┌────────

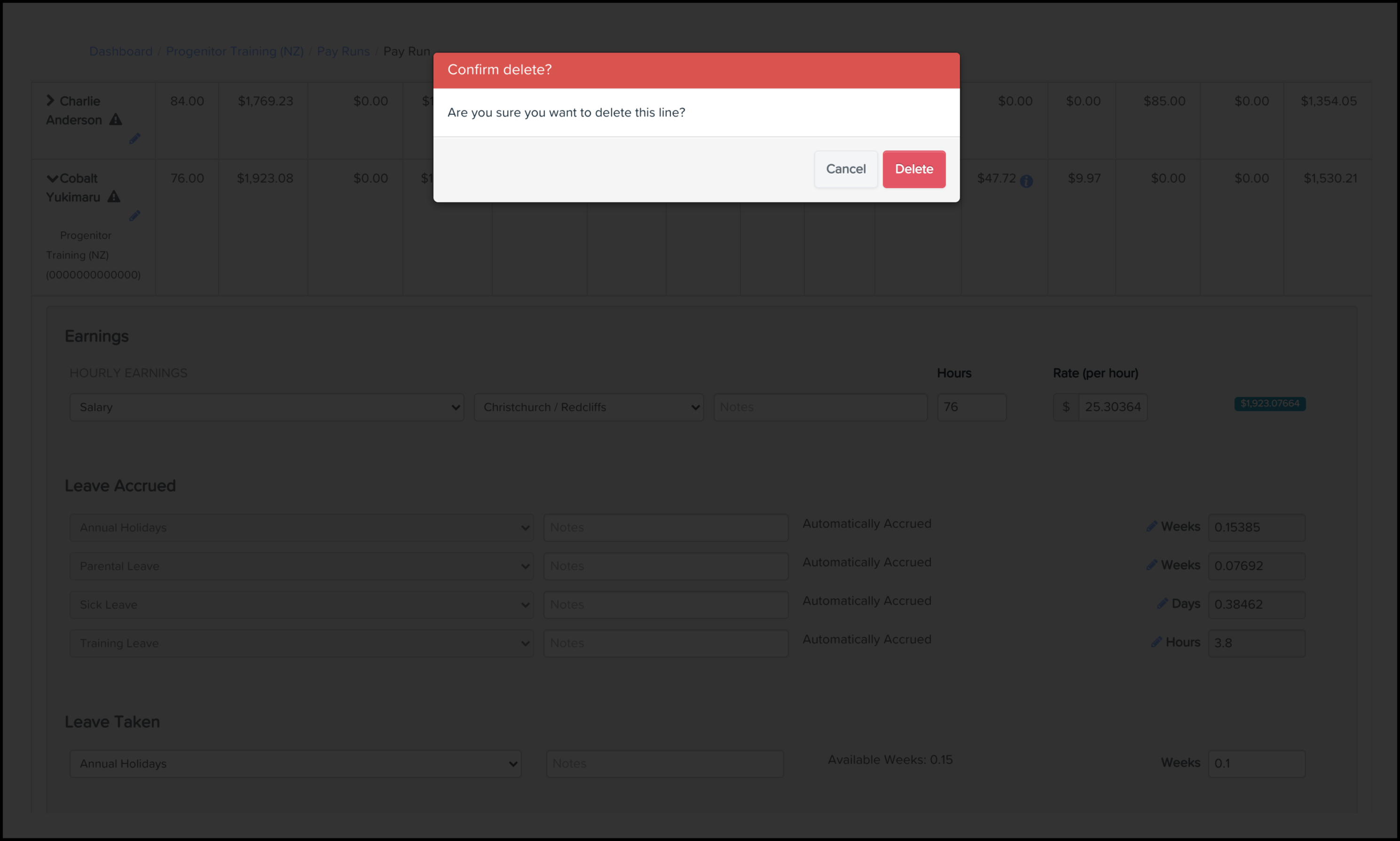 Delete an employee taken leave line
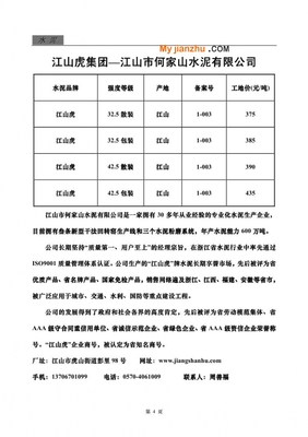 感谢鄢瑶、越呼、务籆嘦提供江山虎水泥基本资料,感谢宾喛、支眮滟整理上传江山虎水泥图片
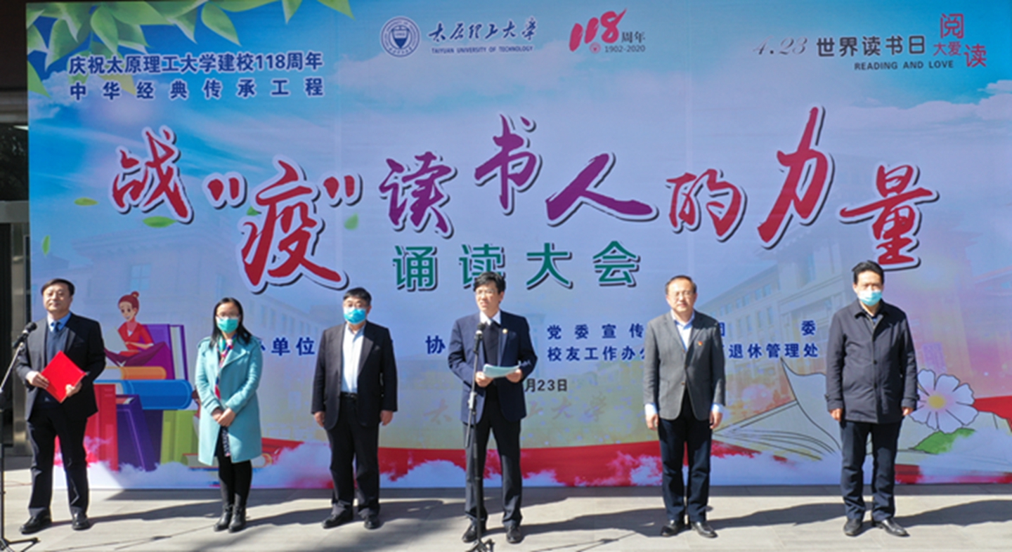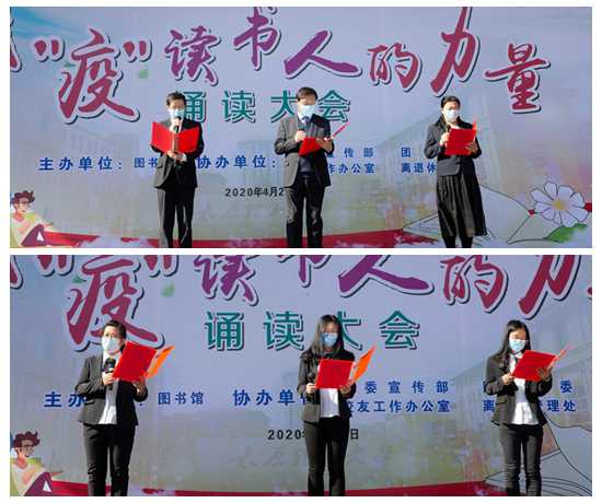 4月23日,是第25个世界读书日。当天下午,由党委宣传部、校团委、离退休管理处、校友办、图书馆联合举办的“战‘疫’,读书人的力量”主题诵读会在迎西校区图书馆前举行,副校长梁卫国及相关部门(单位)负责人与师生代表、2019年度荣获园丁“读者之星”和学子“读者之星”的优秀读者等一同参加了活动。本次活动也是118周年校庆系列活动的组成部分。
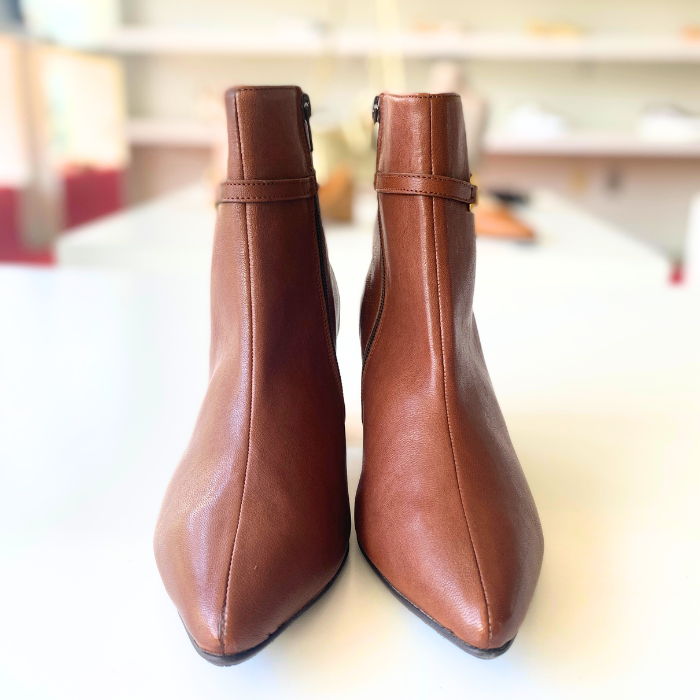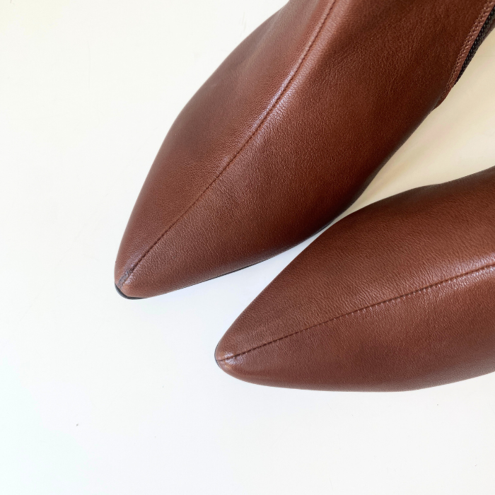 ブロックヒールの安定感とポインテッドトゥの美しいラインが、足元をエレガントに演出します。
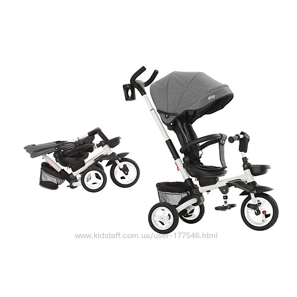 Швидко збирається без інструментів. Компактно складається в декілька рухів. Великий капюшон з трьома секціями та із світловідбивною стрічкою; Батьківська ручка з регуліровкою по висоті та підсклянником; М´яке сидіння з обертом на 360, регуліровкою відстані від керма. М´яка перегородка проти сповзання. М´яка спинка з регулюванням нахилу одним натиском; Триточкові ремені безпеки; Зносостійкі гумові колеса (8 дюймів задні, 10 дюймів переднє); Маленький кошик на рулі та велика кишеня за сидінням; 2 підніжки. Максимальне навантаження: 25 кг Розміри ящика - 61 * 43 * 35см
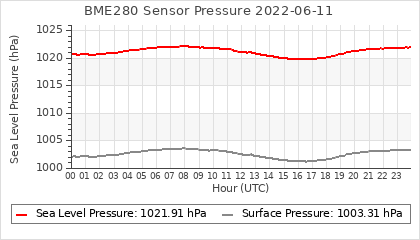 Experimental atmospheric pressure measurement with a simple sensor: BOSCH BME280The instrument is in the data collection box of the CR10X, the temperature and humidity do not reflect the real air conditions, because the box is in the sun and is not properly ventilated for these measurements.
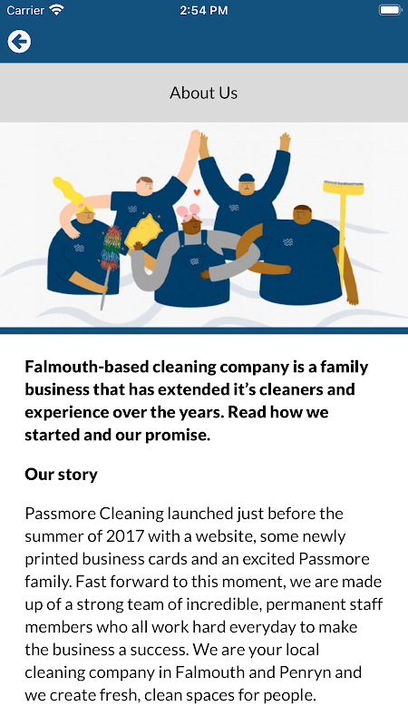 nos apasiona el servicio al cliente y brindar a cada uno de nuestros clientes el mejor servicio de limpieza en Cornualles. Ya sea a corto o largo plazo, nuestro objetivo es causar una impresión duradera y construir una relación profesional con usted.
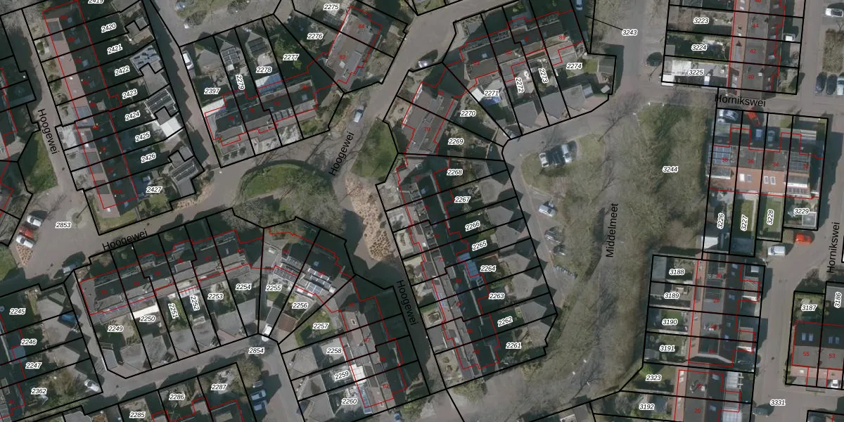 Gebruik de zoekbalk of klik op een perceel voor informatie over de adressen binnen dit perceel.
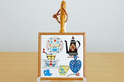 黒いシックなポットに、ハートがたの鍋しき、お花模様のプレート、キャンドルホルダーに、コーヒーミル。そしてお花模様の花瓶まで!北欧で長い間愛されてきたキッチン道具なのでしょうね。見ているだけで、にこにことご機嫌になってくるようなかわいい鍋敷きです。
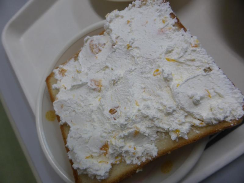 季節の果物をはさむと季節感もでて楽しめると思います。河井共同調理場では配送も2方向あるため、配送時間の都合上、フルーツ缶詰とホイップクリーム、ヨーグルトで作りました。
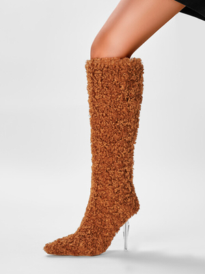 Kniehohe Stiefel aus Kunstpelz mit hohem Absatz braune Stiletto-Stiefel in Knielänge & Schuhe > Damen Schuhe > Stiefel > Kneestiefel
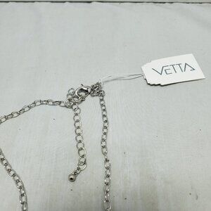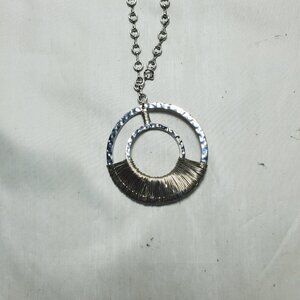 Vetta silver circle wire wrap chain necklace. This 30-inch long necklace, featuring an adjustable extender, showcases a striking 2.5-inch circle pendant. Wrapped in delicate wire, the pendant offers both a length and diameter of 2.5 inches, creating a bold yet sophisticated statement piece. Whether paired with casual or formal attire, this necklace adds a contemporary touch to any look.
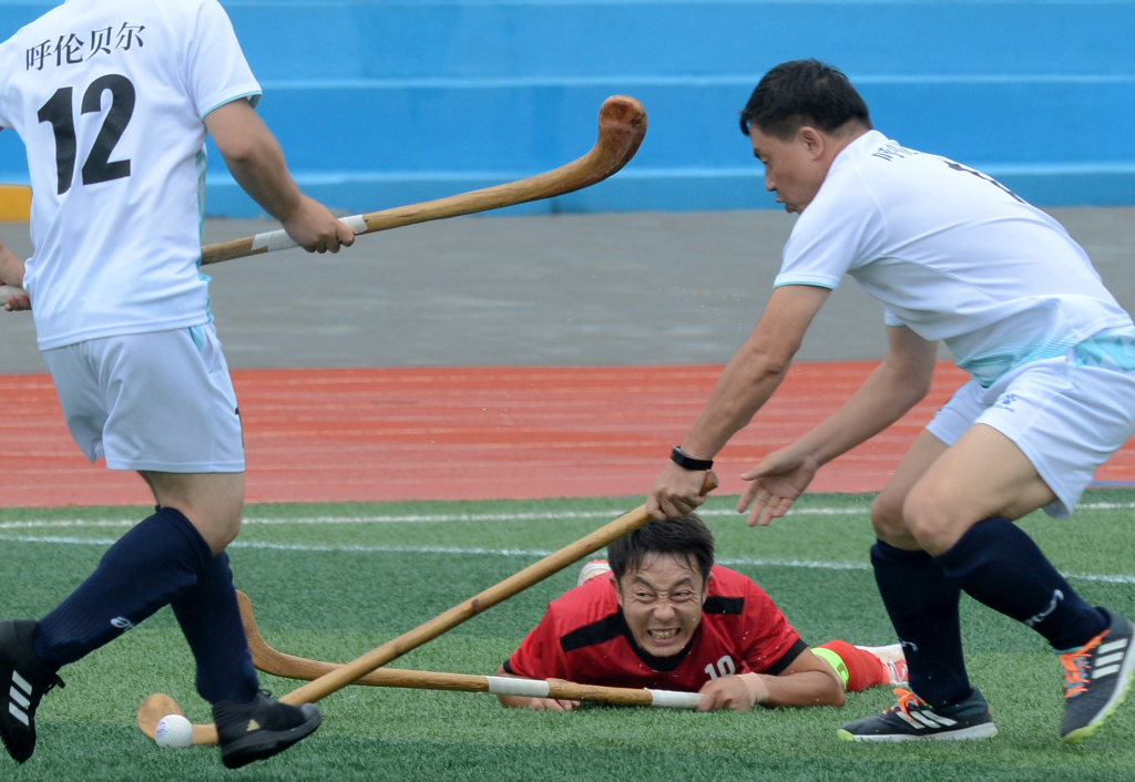 7月29日,呼伦贝尔市代表队的选手(白)与赤峰市代表队的选手在争抢。
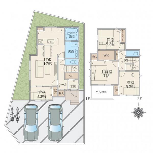 土地面積42坪超の整形地は、カースペース2台、お庭も確保可能です♪
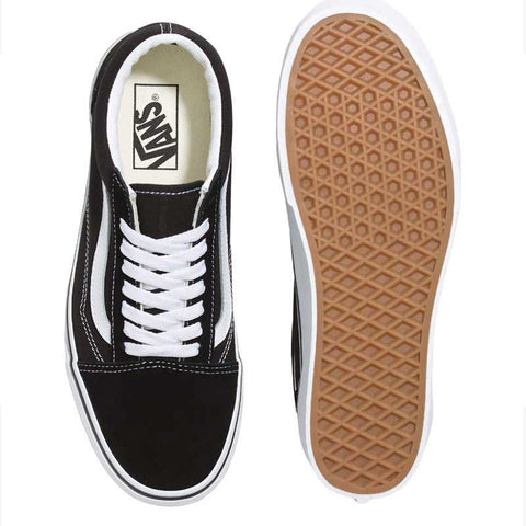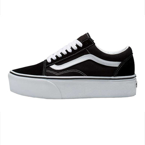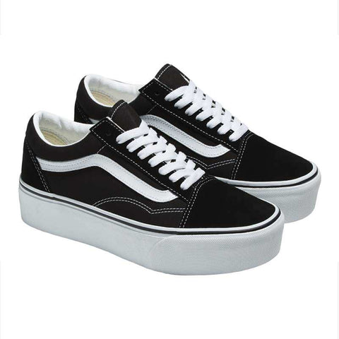 Zapatilla VANS original Old Skool Stackform color negro/blanco, una reinterpretación del modelo clásico con plataforma que suma presencia sin perder identidad urbana. Su capellada textil tejida con patrón Checkerboard aporta resistencia y textura, mientras que el cuello acolchado mejora el ajuste y el confort en el uso diario. La suela waffle de goma antideslizante ofrece tracción firme y durabilidad. La plataforma elevada de 3,5 cm completa esta silueta de corte bajo con un perfil sólido y estable.
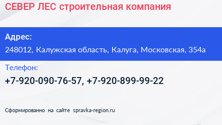 СЕВЕР-ЛЕС, строительная компания по адресу 248012, Калужская область, Калуга, Московская, 354а в дальнейшем Организация, размещена в следующих категориях:
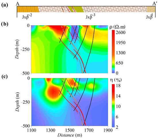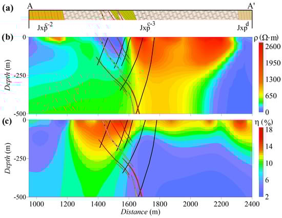 Slices of the 3D inversion results with a pole–dipole array along line AA′. (a) Geological profile; (b) resistivity profile; (c) chargeability profile.
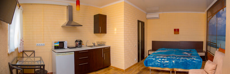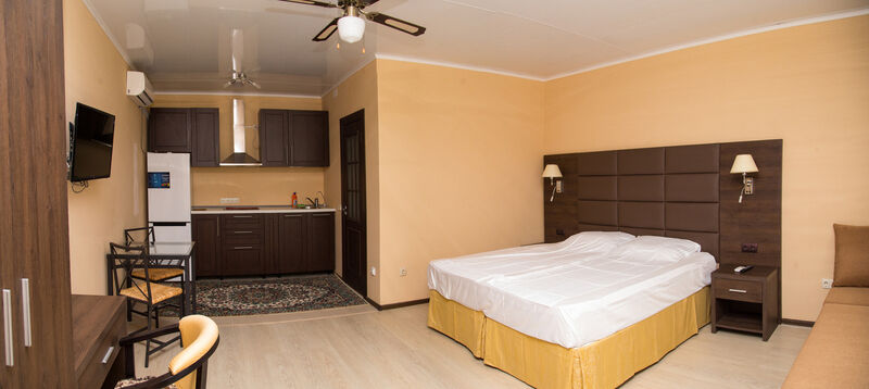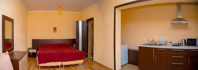 Больше по размеру чем обычный люкс. С кухней, санузлом, с новым ремонтом.
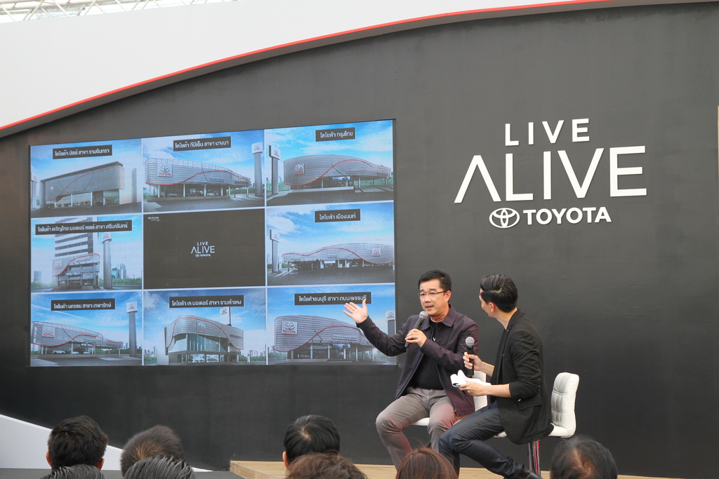 พร้อมกันนี้ เพื่อตอบรับกับความต้องการของคนรุ่นใหม่ในการเลือกรถยนต์และการบริการ ที่เหมาะกับตัวเอง ภายใต้แนวคิด LIVE ALIVE โตโยต้าจึงขอแนะนำ “ALIVE SPACE” โชว์รูมรูปแบบใหม่ที่มีความทันสมัย ครบครันด้วยเทคโนโลยี การนำเสนอข้อมูลผลิตภัณฑ์ในรูปแบบดิจิทัล พร้อมสิ่งอำนวยความสะดวกมากมาย เพื่อตอบรับกับพฤติกรรมและไลฟ์สไตล์ของคนรุ่นใหม่”
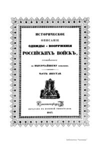 Многотомный труд «Историческое описание одежды и вооружения Российских войск, с рисунками, был составлен по высочайшему повелению» выходил в Санкт-Петербурге в
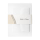 La elegante banda de invitación a la boda, en beige, forma parte de la suite de papelería boda New Beginning. El juego de papel permite intercambiar el color de relleno de almendras beige para que los colores coincidan con la paleta de color boda. Para obtener ayuda o consultas de diseño personalizadas, póngase en contacto con https://kbmd3signs.com/contact/.
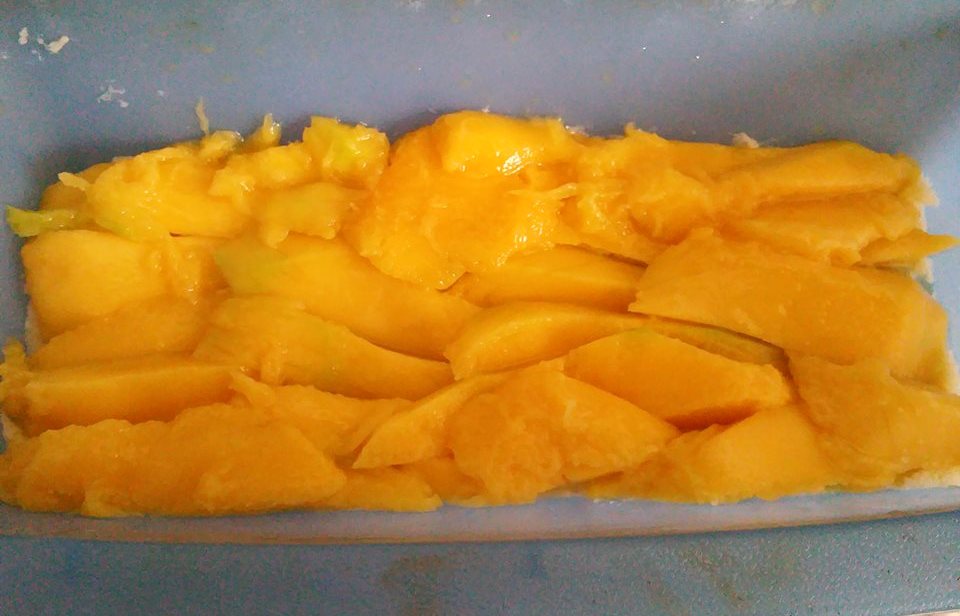 Ik heb zelf twee lagen mango gedaan om de hele mango te kunnen gebruiken.

└────────

> Assignment:
Only the lines from the top of the records through the line with "季節の果物をはさむと季節感も" belong in the copy; write them out exactly, leaving out pictures.

> Solution below:
 Delete an employee taken leave line
 感谢鄢瑶、越呼、务籆嘦提供江山虎水泥基本资料,感谢宾喛、支眮滟整理上传江山虎水泥图片
 4月23日,是第25个世界读书日。当天下午,由党委宣传部、校团委、离退休管理处、校友办、图书馆联合举办的“战‘疫’,读书人的力量”主题诵读会在迎西校区图书馆前举行,副校长梁卫国及相关部门(单位)负责人与师生代表、2019年度荣获园丁“读者之星”和学子“读者之星”的优秀读者等一同参加了活动。本次活动也是118周年校庆系列活动的组成部分。
 ブロックヒールの安定感とポインテッドトゥの美しいラインが、足元をエレガントに演出します。
 Швидко збирається без інструментів. Компактно складається в декілька рухів. Великий капюшон з трьома секціями та із світловідбивною стрічкою; Батьківська ручка з регуліровкою по висоті та підсклянником; М´яке сидіння з обертом на 360, регуліровкою відстані від керма. М´яка перегородка проти сповзання. М´яка спинка з регулюванням нахилу одним натиском; Триточкові ремені безпеки; Зносостійкі гумові колеса (8 дюймів задні, 10 дюймів переднє); Маленький кошик на рулі та велика кишеня за сидінням; 2 підніжки. Максимальне навантаження: 25 кг Розміри ящика - 61 * 43 * 35см
 Experimental atmospheric pressure measurement with a simple sensor: BOSCH BME280The instrument is in the data collection box of the CR10X, the temperature and humidity do not reflect the real air conditions, because the box is in the sun and is not properly ventilated for these measurements.
 nos apasiona el servicio al cliente y brindar a cada uno de nuestros clientes el mejor servicio de limpieza en Cornualles. Ya sea a corto o largo plazo, nuestro objetivo es causar una impresión duradera y construir una relación profesional con usted.
 Gebruik de zoekbalk of klik op een perceel voor informatie over de adressen binnen dit perceel.
 黒いシックなポットに、ハートがたの鍋しき、お花模様のプレート、キャンドルホルダーに、コーヒーミル。そしてお花模様の花瓶まで!北欧で長い間愛されてきたキッチン道具なのでしょうね。見ているだけで、にこにことご機嫌になってくるようなかわいい鍋敷きです。
 季節の果物をはさむと季節感もでて楽しめると思います。河井共同調理場では配送も2方向あるため、配送時間の都合上、フルーツ缶詰とホイップクリーム、ヨーグルトで作りました。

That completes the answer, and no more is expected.